--- In FairfieldLife@yahoogroups.com, "authfriend" <jst...@...> wrote:
>
> --- In FairfieldLife@yahoogroups.com, "shempmcgurk" <shempmcgurk@> wrote:
> >
> > --- In FairfieldLife@yahoogroups.com, "authfriend" <jstein@> wrote:
> > >
> > > Very neat story, Shemp, thanks for posting it. I
> > > had no idea of Cronkite's role, let alone that of
> > > the kid in Silver Spring.
> > > 
> > > I remember one of my roommates at the time bringing
> > > home a copy of "I Want to Hold Your Hand."
> > 
> > Was this before the Ed Sullivan appearance?
> 
> Yup.
> 
> > > The three
> > > of us (recent college graduates) practically wore it
> > > out over the next week or so.
> > 
> > What prompted you to play it over and over?  Obviously
> > because you liked it but was it because you noticed
> > something new and different?
> 
> Don't know about my roommates, but I just loved the way
> it sounded, especially the harmonies and chord changes.
> I hadn't been into pop music since high school, so I
> didn't notice anything new and different about the song
> because I had nothing recent to compare it to. I've
> always responded to harmony and modulation more than to
> melody (my favorite classical composer is Bach).
> 
> > I ask because although I became a Beatles fanatic like
> > pretty much everyone else in my generation, the only
> > reason I was interested in their music at first was
> > because my older brother was, and without that influence
> > I'm not sure I would have listened to them initially (I
> > was 9 in 1964).  I'm curious to know -- especially
> > pre-Sullivan -- what it was that caught people's attention.
> 
> I think all three of us were taken by how *upbeat* it
> was, how joyous. Although we'd been traumatized by the
> JFK assassination like everybody else, I don't recall
> that we'd been feeling particularly down; we'd pretty
> much gotten over it by that time. So I'm not sure that
> was really much of a factor.
> 
> I don't remember seeing the Cronkite story on CBS,
> either.
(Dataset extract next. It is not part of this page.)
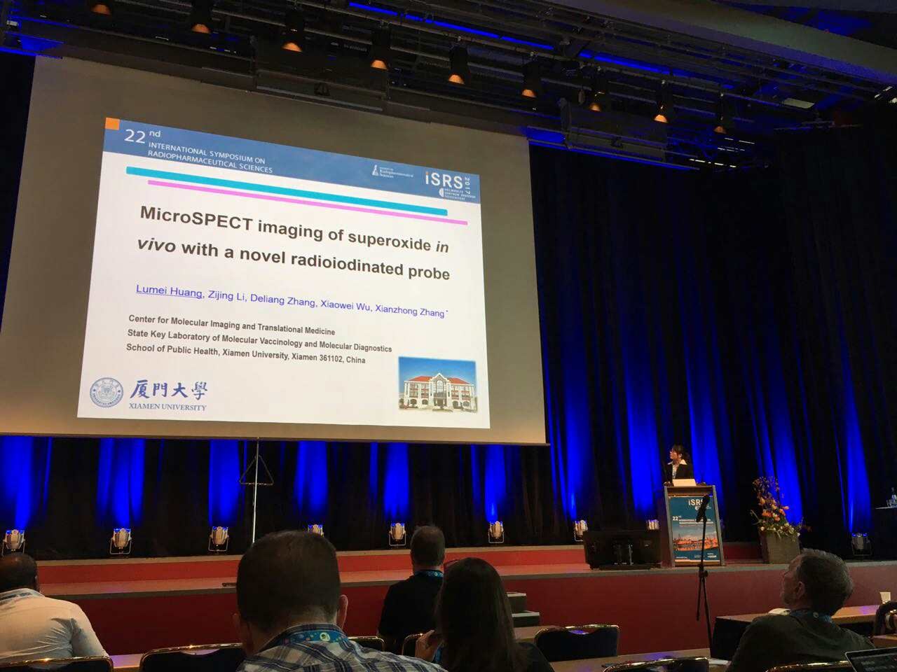 “国际放射性药物科学大会”为放射性药物研究领域的顶级盛会,每两年召开一次,来自世界各地的参会人数约800人。我中心张现忠教授带领三位研究生参加了本次会议,并通过口头报告和壁报方式展示4项最新研究成果。其中黄路梅同学在大会上口头报告的“MicroSPECT imaging of superoxide in vivo with a novel radioiodinated probe”引起热烈关注,报告之后即有来自美国耶鲁大学和德国Helmholtz-Zentrum Dresden-Rossendorf研究所的同行寻求合作。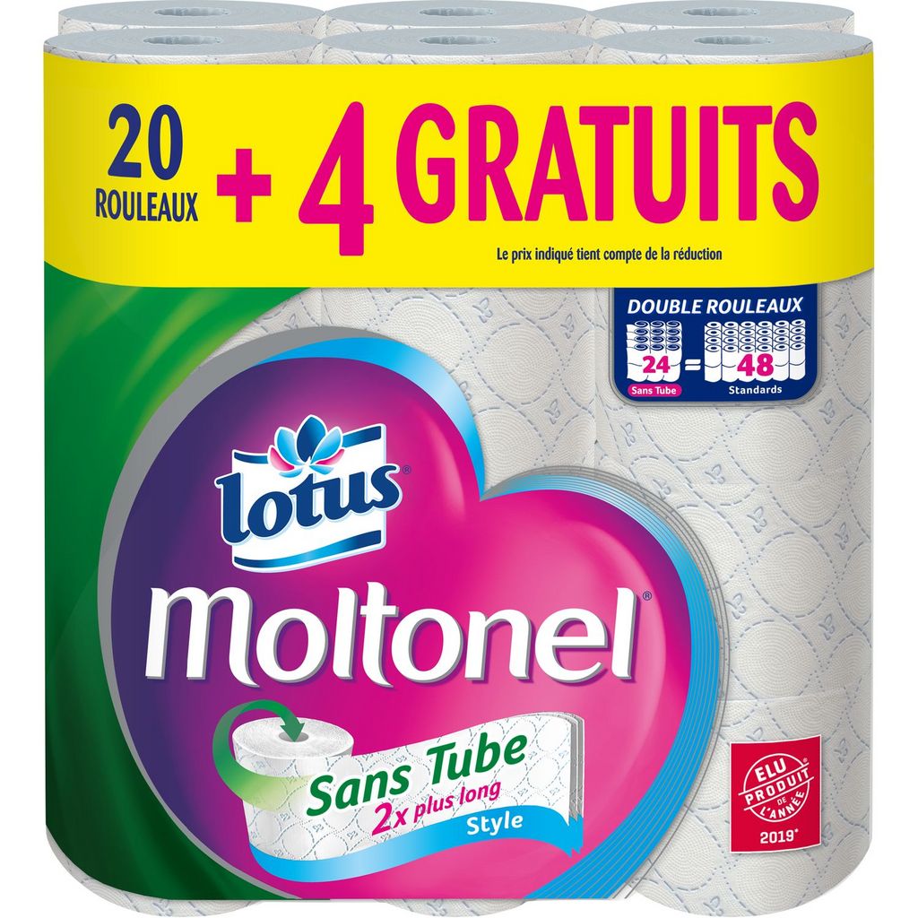 Pour ne plus jamais être ennuyé par les tubes vides dans vos toilettes, essayez le premier papier toilette Lotus Moltonel Sans Tube. C'est simple, vous n'avez qu'à le placer sur votre devidoir et à la fin… il ne reste rien. En plus, comme il est 2 fois plus long que votre papier toilette Lotus Moltonel habituel, vous le changerez moins souvent! Papier toilette Lotus Moltonel Sans Tube Style x20+4 rouleaux (24=48)

The three of us were big Huntley-Brinkley fans.
> 
> My female roommate and I (the third, the one who bought
> the record, was a guy) were utterly captivated by the
> Beatles as people. We both went nuts for John. At one
> point one of us bought a set of Beatles baseball-type
> cards and stuck them all over the apartment (I put one
> in the freezer compartment of the refrigerator). When
> "Hard Day's Night" opened, we went to see it five or
> six times. And of course we bought all the records as
> they came out.
>

I went to see "A Hard day's night" about 5 times when it first came out, too.  
By the way, Richard Lester, the director of the film and considered by many as 
the father of the music video for the way he filmed the music numbers, is an 
American by birth, although he directed the film under the auspices of the 
British film industry.

I then resaw the film about 20 years ago and couldn't stand it.

But then about a year ago I saw it yet again, this time the special DVD release 
by Miramax with some great extras, and I again enjoyed the movie.